How do you spot text generated by LLM/AI

restertest · 19 September 2024 07:33

Since we are testers we tend to spot pattern and issues even when we do not want to .

So i was wondering how do you spot a text that is generated by an LLM/AI.
Please do not say I use a scanner.

For me the tells are usually these 3

Using the prashe “In the world of”
Using words that one does not usually use in a day to day conversation like delve
The post is marked with emojis all the way.

What about you?

keerthivaddi · 19 September 2024 18:25

@restertest AI generally uses too many adverbs and adjectives to make its point.
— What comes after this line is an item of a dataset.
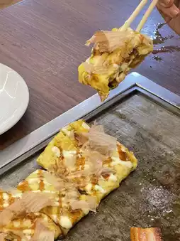 I ordered the set menu, which included okonomiyaki, yakisoba, grilled bacon, and stir-fried cabbage. I also ordered a cheese omelet and a lemon drink. It tasted just like I was eating it in Japan. I loved the yakisoba! It was hot and flavorful, the noodles were good, and not too salty. The omelet was also delicious and very soft. I highly recommend it! 😋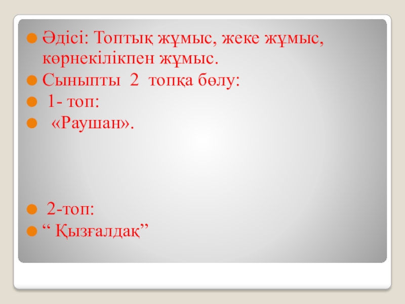 Әдісі: Топтық жұмыс, жеке жұмыс, көрнекілікпен жұмыс.

kristof · 20 September 2024 04:38

I actually do these 2 myself xD
Damn I might be a robot!

restertest · 20 September 2024 04:55

I knew it @kristof .

That explains it how you are so good at security.

You talk to the computer in robot languge.

Got you

ujjwal.singh · 21 September 2024 03:19

It appears very polished

what I have noticed is that in the ChatGPT response, the semicolon is inserted between lines, so wherever I noticed a semicolon between lengthy lines, I understood that it is copy pasted from ChatGPT, because usually, we use a comma or full stop in real.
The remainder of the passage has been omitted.